The protest on March 10 involved workers at Tridonex who were accompanied by supporters from other plants. It marked the peak of 14 months of protests and legal procedures to break from the corporate-controlled SITPME trade union, which belongs to the Confederation of Mexican Workers (CTM). During this period workers have faced threats and physical attacks by the Tamaulipas police, federal troops and union thugs.

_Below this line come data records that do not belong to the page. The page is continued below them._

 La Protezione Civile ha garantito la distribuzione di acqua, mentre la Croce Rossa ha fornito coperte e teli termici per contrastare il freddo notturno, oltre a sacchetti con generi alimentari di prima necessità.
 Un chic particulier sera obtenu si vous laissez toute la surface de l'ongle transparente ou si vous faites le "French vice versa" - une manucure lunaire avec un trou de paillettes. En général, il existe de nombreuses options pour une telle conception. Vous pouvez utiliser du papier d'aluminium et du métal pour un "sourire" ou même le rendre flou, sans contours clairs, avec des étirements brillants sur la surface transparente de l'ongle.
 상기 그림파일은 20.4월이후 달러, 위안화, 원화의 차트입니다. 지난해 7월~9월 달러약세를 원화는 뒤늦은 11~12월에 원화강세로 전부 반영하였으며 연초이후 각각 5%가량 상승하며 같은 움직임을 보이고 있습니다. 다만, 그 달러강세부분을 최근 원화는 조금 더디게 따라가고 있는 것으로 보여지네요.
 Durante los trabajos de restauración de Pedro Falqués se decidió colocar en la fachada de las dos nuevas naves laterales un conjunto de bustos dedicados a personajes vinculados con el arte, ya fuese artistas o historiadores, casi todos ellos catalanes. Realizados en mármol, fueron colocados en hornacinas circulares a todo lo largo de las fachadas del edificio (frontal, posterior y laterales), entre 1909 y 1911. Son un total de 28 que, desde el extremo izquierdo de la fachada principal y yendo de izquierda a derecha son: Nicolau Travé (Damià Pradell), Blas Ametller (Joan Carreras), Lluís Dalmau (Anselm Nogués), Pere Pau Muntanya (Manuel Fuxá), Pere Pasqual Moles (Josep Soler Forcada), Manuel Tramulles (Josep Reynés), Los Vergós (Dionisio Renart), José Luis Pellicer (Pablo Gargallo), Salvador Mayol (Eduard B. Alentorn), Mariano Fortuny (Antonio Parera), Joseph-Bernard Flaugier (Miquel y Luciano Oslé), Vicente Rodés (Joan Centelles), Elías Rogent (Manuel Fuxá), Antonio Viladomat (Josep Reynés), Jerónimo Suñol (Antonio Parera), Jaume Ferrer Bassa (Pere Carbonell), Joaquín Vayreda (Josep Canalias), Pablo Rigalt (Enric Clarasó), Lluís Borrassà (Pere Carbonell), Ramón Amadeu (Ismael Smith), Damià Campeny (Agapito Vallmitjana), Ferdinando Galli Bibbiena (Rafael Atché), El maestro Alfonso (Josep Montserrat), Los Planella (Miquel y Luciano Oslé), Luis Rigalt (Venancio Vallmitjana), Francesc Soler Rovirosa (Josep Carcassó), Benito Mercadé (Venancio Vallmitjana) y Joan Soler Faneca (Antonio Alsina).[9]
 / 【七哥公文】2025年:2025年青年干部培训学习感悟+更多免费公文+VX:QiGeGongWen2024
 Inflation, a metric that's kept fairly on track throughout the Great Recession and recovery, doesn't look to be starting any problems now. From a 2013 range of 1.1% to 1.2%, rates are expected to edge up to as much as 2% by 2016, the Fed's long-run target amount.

While a share of workers supported leaving the SITPME to join the Independent Union for Industry and Service Workers (SINTIS) founded and led largely by Prieto, she was not present at the March 10 event and no evidence has been made public of her direct involvement in the protest.

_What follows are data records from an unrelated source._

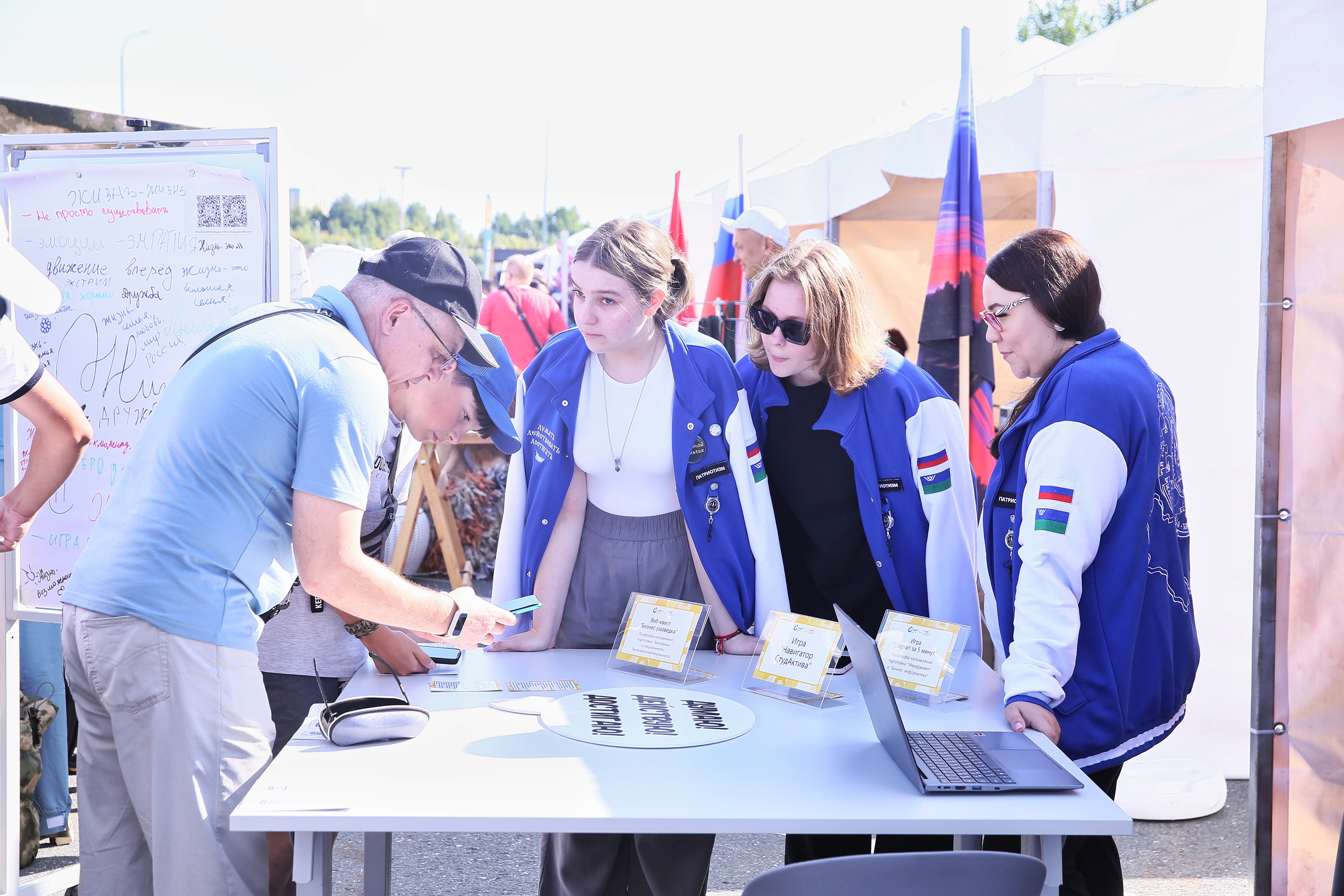 Все желающие могли получить открытки-визитки и заполнить их, чтобы обменяться с другими посетителями своими контактами, а также принять участие в активностях от студенческих объединений: собрать коллаж на тему студенчества или пройти мини-лабиринт от представителей Всероссийского студенческого проекта «Твой Ход».
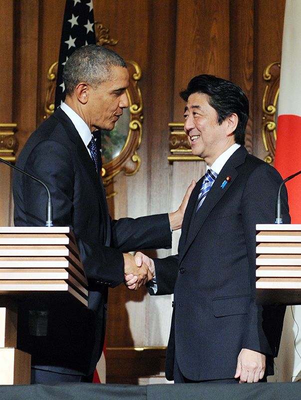 共同記者会見を終え、握手を交わす安倍晋三首相とオバマ米大統領。写真提供=時事
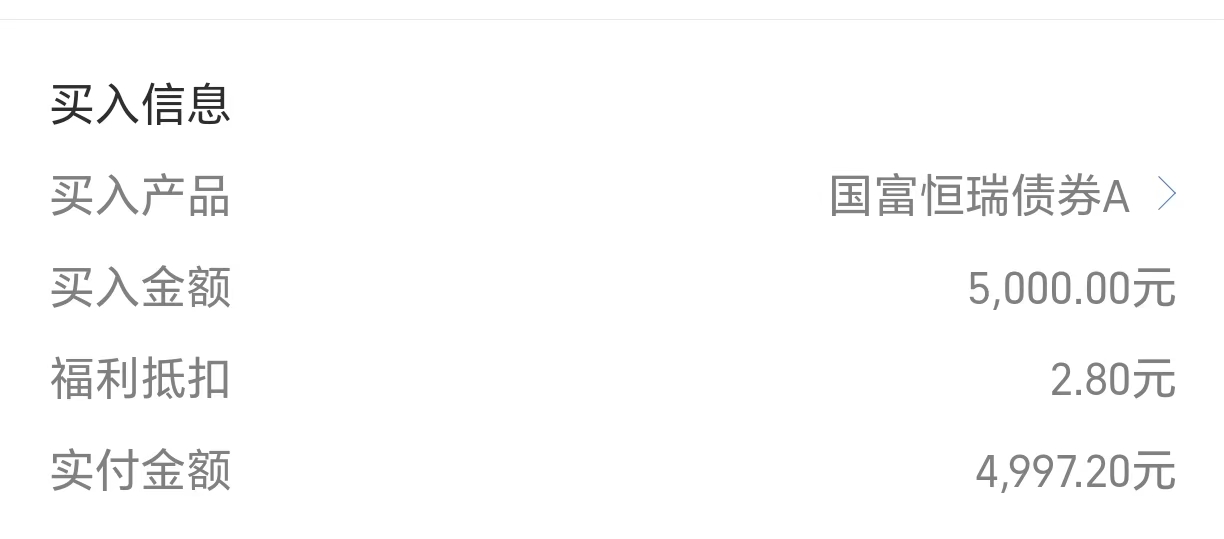 $国富恒瑞债券A(OTCFUND|002361)$+5000,今天个人继续补一笔防御型固收+,讨论区还领了一个满减包。这是一只固收+,采用股债搭配策略。现在权益市场经历之前的一波上涨,不少板块估值已经不便宜了,行情会有反复性。而且不是普涨行情,板块轮动快,只想进攻可不行,防御也得跟上。恒瑞持仓以利率债占63.41%打底,另外搭配了18.15%的可转债和16.15%的股票仓位,主要是金融、消费和基建地产这些高股息资产,偏向政策重点倾斜的行业,整体稳中有升。业绩来看,波动又小于多数同类固收+,低波体验感较好。今天,我决定继续加一笔。
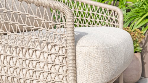 A rope may seem slightly weaker than, for example, wicker. Yet, the raw materials for these materials are almost identical. Stretch is minimal; 4 Seasons Outdoor garden furniture with Rope is suitable for people weighing up to 110 kg. It is therefore an exceptionally strong material, but it is important to be careful with sharp objects. Our 4SO Rope is weather-resistant, but a sharp object can seriously damage your garden furniture. We offer a full 5-year warranty on manufacturing and construction defects. Should any damage unexpectedly occur, it can usually be repaired. In that case, always contact your point of sale. 4Seasons offers exclusive designs using hand-woven Rope patterns and techniques.
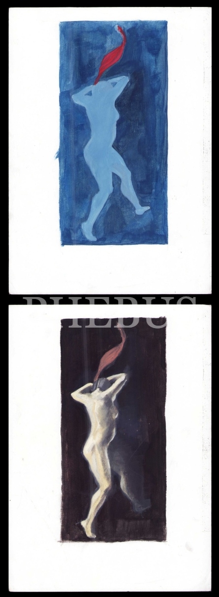 Kağıt üzerine guaj boya çizim, 2 adet, 20x29 cm
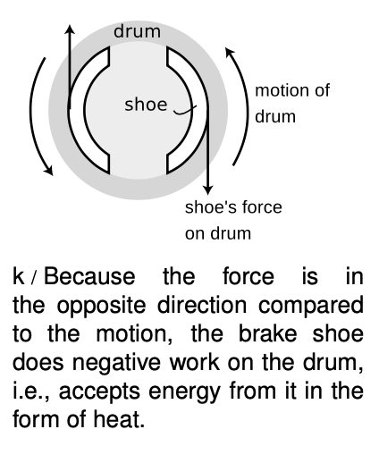 Does this equation always give the right answer? Well, sort of. In example d, there are two quantities of work you might want to calculate: the work done by the tractor on the plow and the work done by the plow on the dirt. These two quantities can't both equal `Fd`. Most of the energy transmitted through the cable goes into frictional heating of the plow and the dirt. The work done by the plow on the dirt is less than the work done by the tractor on the plow, by an amount equal to the heat absorbed by the plow. It turns out that the equation gives the work done by the tractor, not the work done by the plow. How are you supposed to know when the equation will work and when it won't? The somewhat complex answer is postponed until section 13.6. Until then, we will restrict ourselves to examples in which `W=Fd` gives the right answer; essentially the reason the ambiguities come up is that when one surface is slipping past another, `d` may be hard to define, because the two surfaces move different distances.
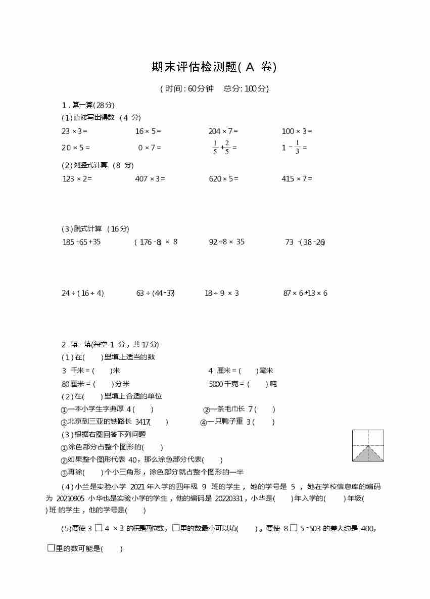 期末评估检测题(A卷)(无答案)2025-2026学年三年级上册数学人教版(2024)

Tridonex workers told the WSWS their protest was driven by opposition to “14 years that [SITPME leader Jesús] Mendoza has been stealing our dues.” The SITPME operates as a police arm of management to enforce poverty level wages—which average $75 (1,675 pesos) per week for Tridonex workers. The bribed union officials suppress any opposition to mass layoffs and sweatshop working conditions while the labor courts rubberstamp the diktats of the corporations.

In January 2019, workers at Tridonex joined tens of thousands from almost every maquiladora across Matamoros in a wave of wildcat strikes, demanding that the companies stop recognizing and giving automatic dues to the CTM unions. On January 16, 2019, strikers voted on a statement carrying this demand. The Tamaulipas police and the CTM thugs attacked and threatened workers who were demonstrating peacefully while the company fired hundreds in reprisal. The struggle continued and reached a high point last March after the labor court refused to meet with the workers’ lawyer (not Prieto). On March 9, Tridonex workers carried out a wildcat strike to pressure the company and labor court to accept their demand to separate from the CTM-backed union.

A worker at the March 10 protest told the web site Rossy Conexión JM that workers were requesting that the court “stop payments to Mendoza and accept our separation from the union,” but the court refused, saying, “We were supposedly violating their rights.” He added, “The only thing we wanted was for them to take the legal paperwork since they previously refused to do so three or four times.” Instead, he said, the workers were threatened with “elements of the military and State Police.” Finally, shortly after 2 p.m. the court announced it would accept the papers.

The timing of the arrest is bound up with the AMLO government’s efforts to satisfy the demands of Wall Street and the Trump administration to keep the Mexican supply chain flowing to the US auto, electronics and aviation and defense industries. There are more than 143,000 confirmed cases of COVID-19 in Mexico and at least 16,872 deaths, and these numbers are widely considered gross underestimations. Hundreds of maquiladora workers in Baja California, Chihuahua, Tamaulipas and other border states have died from the contagion. As in other countries the criminal indifference of the ruling class has also sparked a wave of strikes and protests by health care, manufacturing and other workers.

By arresting Prieto the Mexican authorities and trade union functionaries hope to stamp out this wave of opposition. Workers in Mexico and around the world must demand Prieto’s release and oppose this attack on the rights to freedom of speech, assembly and organization. To carry out this fight workers need new forms of working-class organization struggle, rank-and-file factory and workplace committees, which are independent of CTM, the AFL-CIO-backed “independent” unions and every faction of the trade union bureaucracy and political establishment. These committees must spearhead the fight for a powerful industrial and political counter-offensive by the working class across North America to defend health and safety and guarantee living wages for all workers and their families.